(Excerpts from a dataset)
::::
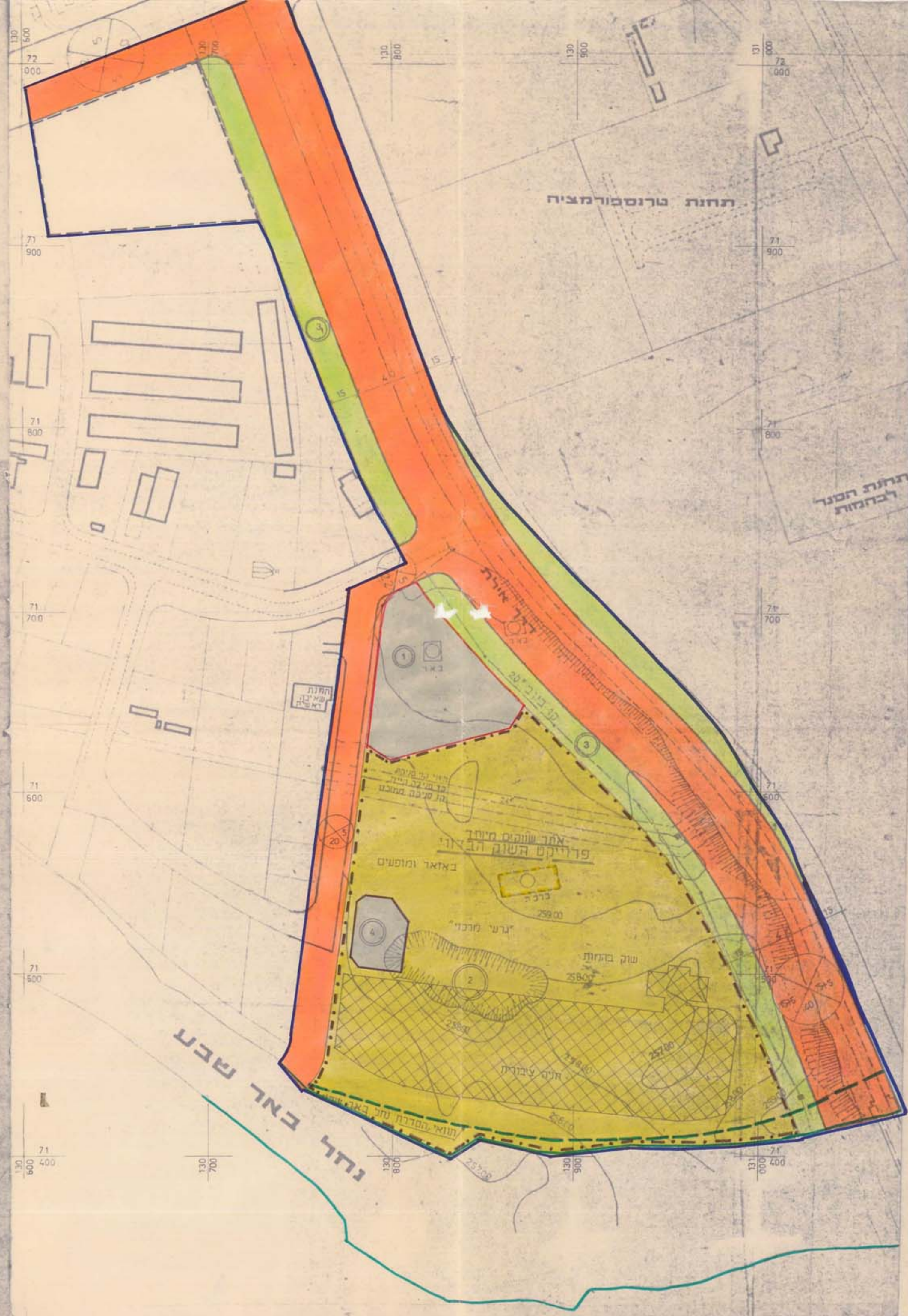
מצב מאושר 1:1250
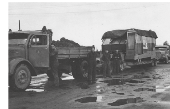
Sjögrens Trafik utför en transport av Marion Grävare.
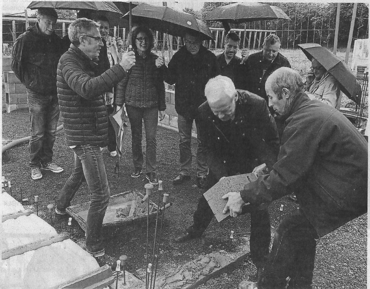
La première pierre de la nouvelle demeure dans l'éco-quartier a été posée, vendredi.

Un quatrième lot, vendu en entier, sera composé « de cinq constructions jumelées », soit dix habitations
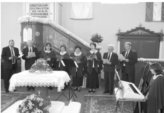
A SÁROSPATAKI KÓRUS TAGJAI
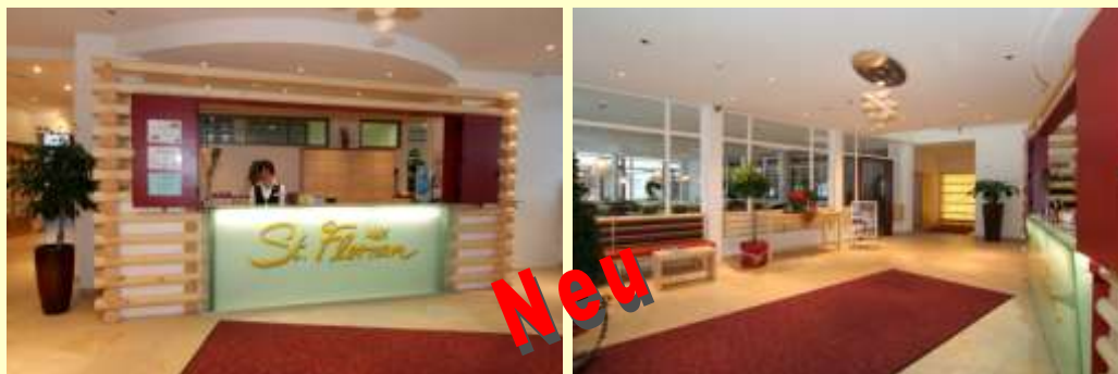
Verschiedene Ansichten der Rezeption und der Lobby

Nach über eineinhalb-jähriger Bauzeit konnten die neuen Räume Ende Dezember 2008 von den Gästen bezogen werden. Die ersten Eindrücke unserer Gäste waren sehr positiv. Inzwischen sind die Bar, der Wintergarten, der Gästeaufzug und eine ganztägig besetzte Rezeption schon fast zur Selbstverständlichkeit geworden. Schon bei der Ankunft fallen die neuen Anbauten ins Auge. In der großzügigen Lobby und einer extravaganter Rezeption werden die Gäste von freundlichen Damen im Dirndl empfangen. Der Check-In verläuft freundlich und schnell. Die ankommenden Gäste erhalten ihre Zimmerschlüssel, die Gastkarten, ihre Tischnummer und weitere Informationen für ihren Urlaub.
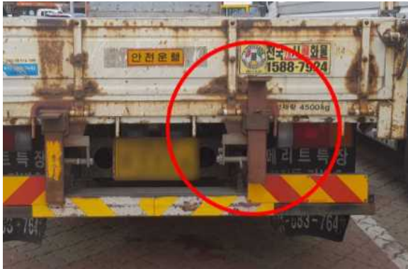
〈화물차-적재함 판스프링 설치〉
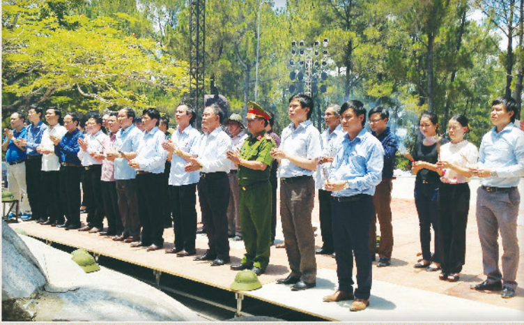
Đoàn cán bộ huyện thắp hương tại nghĩa trang Trường Sơn
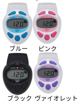
ブルー ピンク ブラック ヴァイオレット
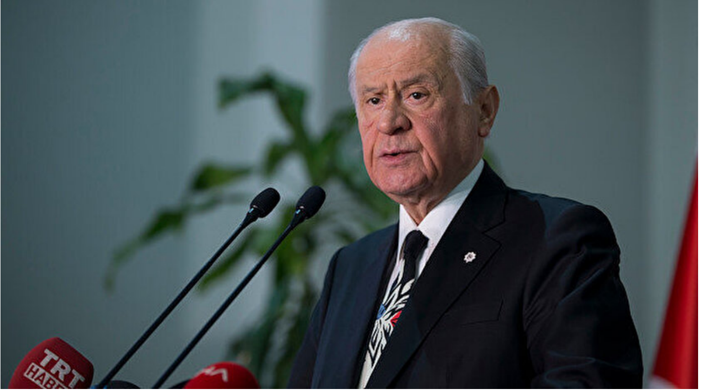
MHP Lideri Devlet Bahçeli.
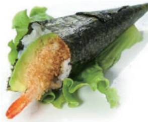
75.TEMAKI EBITEN Gambero fritto, avocado, teriyaki
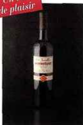
Les Javelles - Mourvèdre, IGP pays-d'oc 2015 rouge
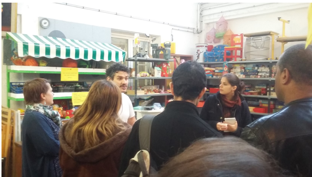
Visite de La Collecterie—novembre 2015.
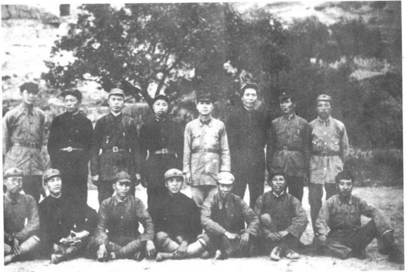
图为毛泽东与创建井冈山革命根据地的部分干部在延安合影。前排左起：罗荣桓、张文彬、陈光、杨立三、陈士榘、宋裕和、林彪。后排左一赵尔陆、左六毛泽东、左八谢今古。
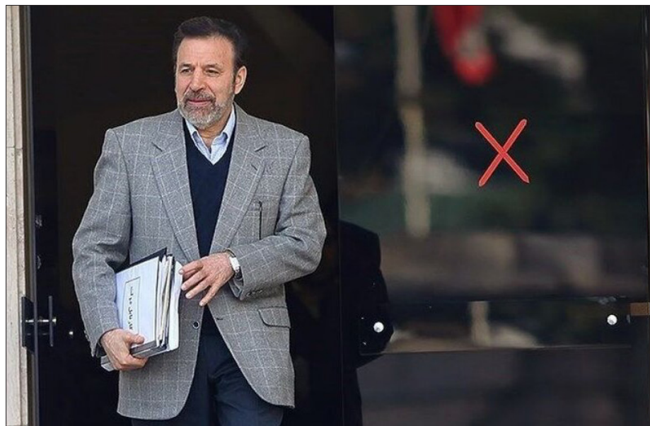
واکنش محمود واعظی به گلایه‌های وزیر بهداشت
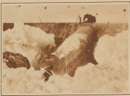
Einem Geographen, der vor Byrd noch kein menschliches Auge gesehen hat, wird zunächst das gepackte in diesem Bild auf dem Flug zum Südpol zwischen dem 86. und 87. Breitengrad.
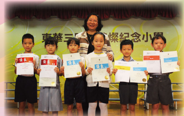
低年級的同學年紀小小已在獨誦比賽中獲獎了！
::::
- **Description of the task**: Repeat word for word the lines above, from the first entry through the line containing "Verschiedene Ansichten der", with both ends kept and the pictures dropped.

- **Written response**:
מצב מאושר 1:1250
Sjögrens Trafik utför en transport av Marion Grävare.
La première pierre de la nouvelle demeure dans l'éco-quartier a été posée, vendredi.

Un quatrième lot, vendu en entier, sera composé « de cinq constructions jumelées », soit dix habitations
A SÁROSPATAKI KÓRUS TAGJAI
Verschiedene Ansichten der Rezeption und der Lobby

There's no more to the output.